(Recorded data)

===============

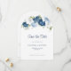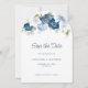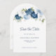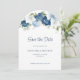 Elegant floral watercolor dusty blue, white, and navy floral bouquet wedding save the date with QR code card. The card features a script "Save the Date", that can be changed to a font type of your choice that are available here when you click the "Personalize" button. Add your wedding website and QR Code on the reverse side so your guests can keep up do date with your plans
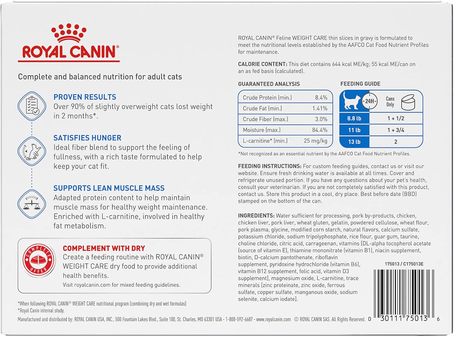 Royal Canin Feline Weight Care Thin Slices in Gravy Canned Adult Wet Cat Food, 3 oz can (12-count)
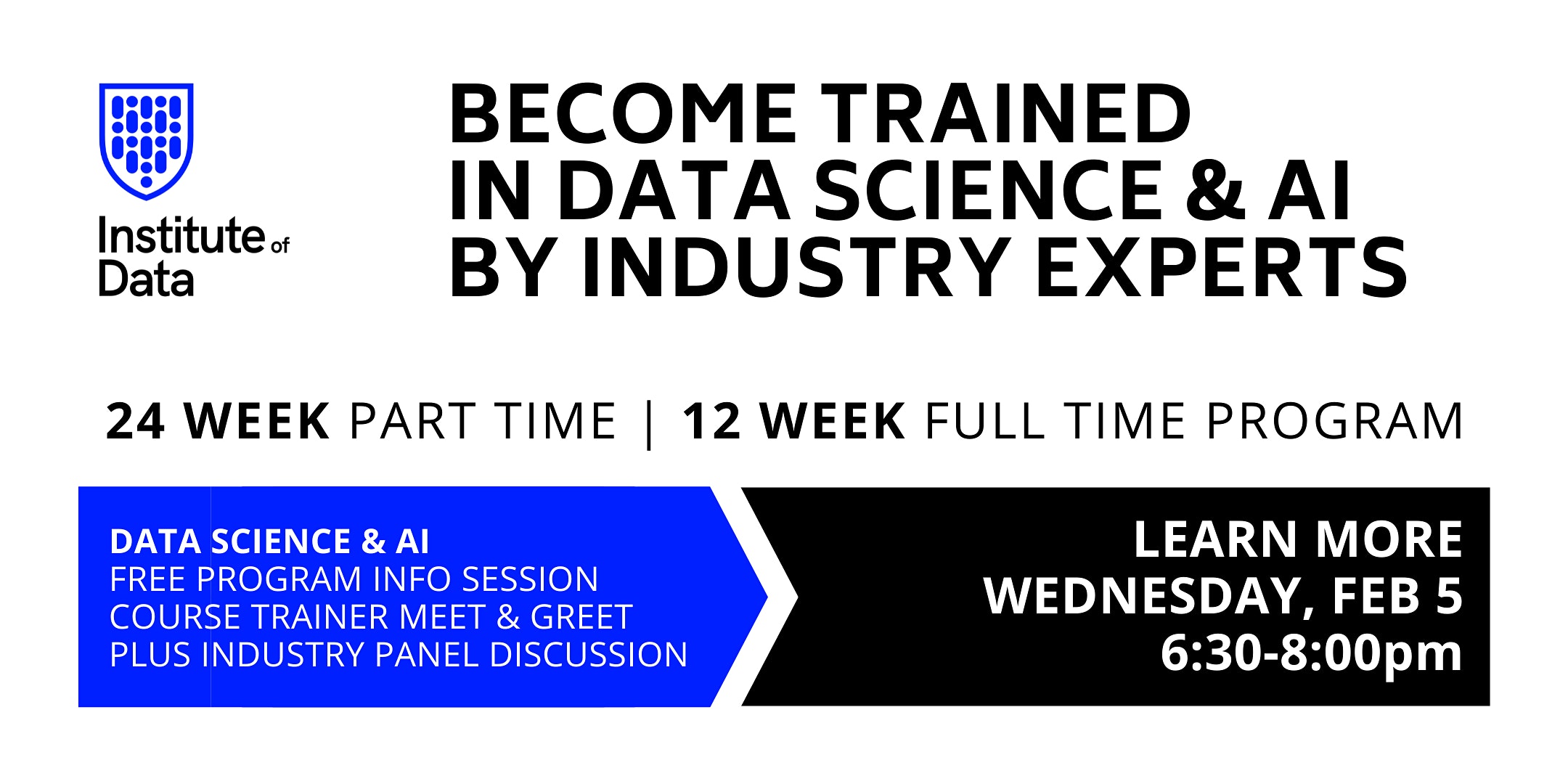 This event is for professionals looking to upskill or career change to data science and artificial intelligence. Seats are limited so register today! Institute of Data
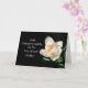 Um Cartão de condolências para a perda de uma Mãe, com uma tulipa rosa pálida e letras brancas em um fundo preto. O dentro é o vazio deixado para a sua própria mensagem.
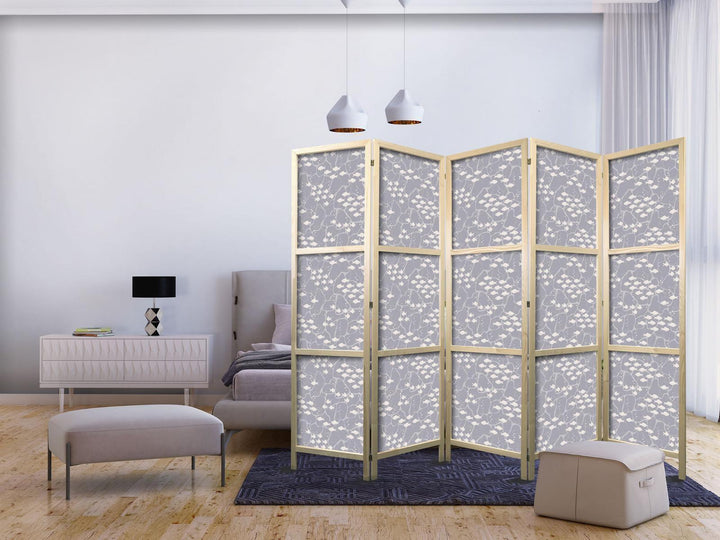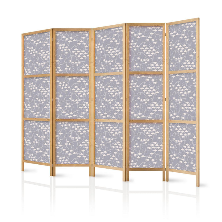 Japanese Room Divider - Underwater Shoal of Small Fish - Tiny Light-Beige Fish on the Background of Oceanic Depths in Gray Shades
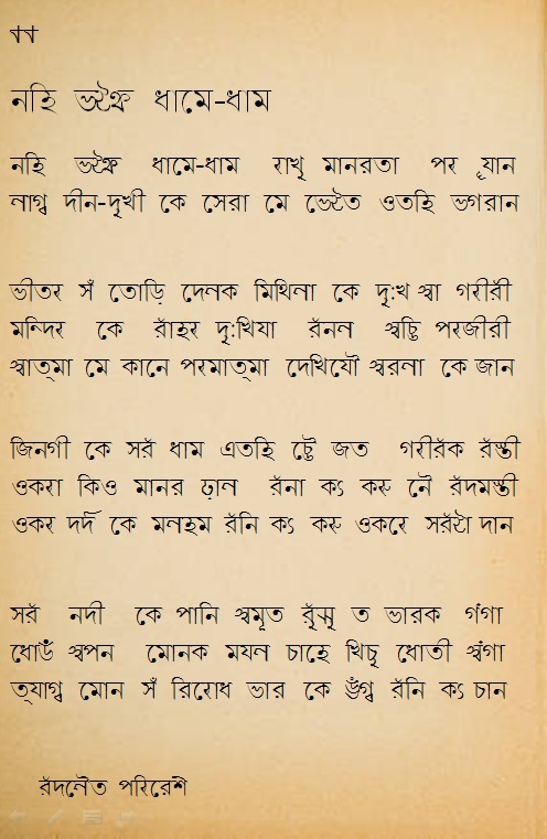देवनागरी आ मिथिलाक्षर (तिरहुता) दुनु लिपि मे प्रकाशित कृति ‘बदलैत परिवेश’ गीति संग्रह सँ साभार, प्रकाशन वर्ष : वि.सं. २०७३ साल, प्रकाशिका : कालीन्दी ठाकुर
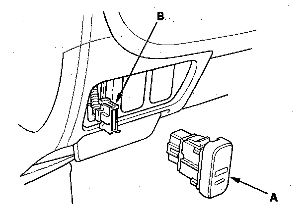 1. Release the clips of the cruise control main switch, and push the cruise control main switch (A) out of the driver's dashboard lower cover.
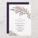 Um chá de panela clássico elegante de lavanda flutuante com aquarelas, com ramos e flores de caules botânicos de lavanda roxa, folhagem verde e castanha e caligrafia elegante.
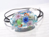 睡蓮と金魚は表面に描いたのではなく、ひとつずつガラスでパーツを作り、溶かしたガラスに埋め込みながら制作しております。
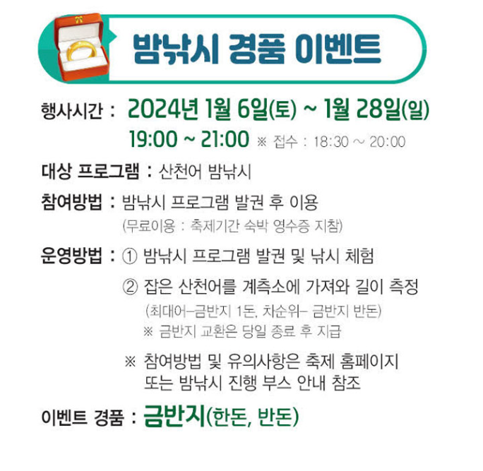 - 산천어 밤(야간) 낚시 경품 이벤트 기간은 24년 1월 6일 ~ 24년 1월 28일까지입니다.
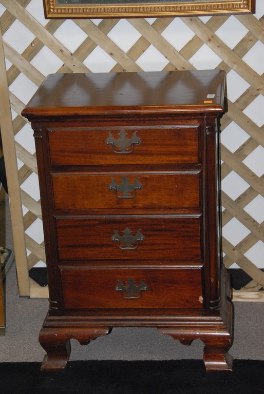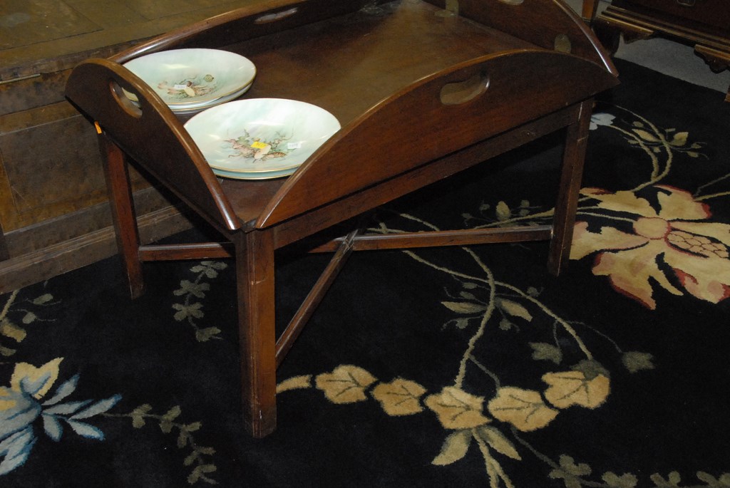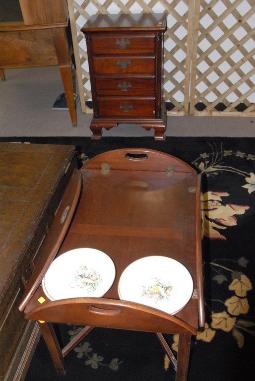 Mahogany four drawer night table and tray top coffee table.

===============

*Exercise brief*: Output every record verbatim, excluding any picture it contains.

*Exercise output*:
 Elegant floral watercolor dusty blue, white, and navy floral bouquet wedding save the date with QR code card. The card features a script "Save the Date", that can be changed to a font type of your choice that are available here when you click the "Personalize" button. Add your wedding website and QR Code on the reverse side so your guests can keep up do date with your plans
 Royal Canin Feline Weight Care Thin Slices in Gravy Canned Adult Wet Cat Food, 3 oz can (12-count)
 This event is for professionals looking to upskill or career change to data science and artificial intelligence. Seats are limited so register today! Institute of Data
 Um Cartão de condolências para a perda de uma Mãe, com uma tulipa rosa pálida e letras brancas em um fundo preto. O dentro é o vazio deixado para a sua própria mensagem.
 Japanese Room Divider - Underwater Shoal of Small Fish - Tiny Light-Beige Fish on the Background of Oceanic Depths in Gray Shades
देवनागरी आ मिथिलाक्षर (तिरहुता) दुनु लिपि मे प्रकाशित कृति ‘बदलैत परिवेश’ गीति संग्रह सँ साभार, प्रकाशन वर्ष : वि.सं. २०७३ साल, प्रकाशिका : कालीन्दी ठाकुर
 1. Release the clips of the cruise control main switch, and push the cruise control main switch (A) out of the driver's dashboard lower cover.
 Um chá de panela clássico elegante de lavanda flutuante com aquarelas, com ramos e flores de caules botânicos de lavanda roxa, folhagem verde e castanha e caligrafia elegante.
 睡蓮と金魚は表面に描いたのではなく、ひとつずつガラスでパーツを作り、溶かしたガラスに埋め込みながら制作しております。
 - 산천어 밤(야간) 낚시 경품 이벤트 기간은 24년 1월 6일 ~ 24년 1월 28일까지입니다.
 Mahogany four drawer night table and tray top coffee table.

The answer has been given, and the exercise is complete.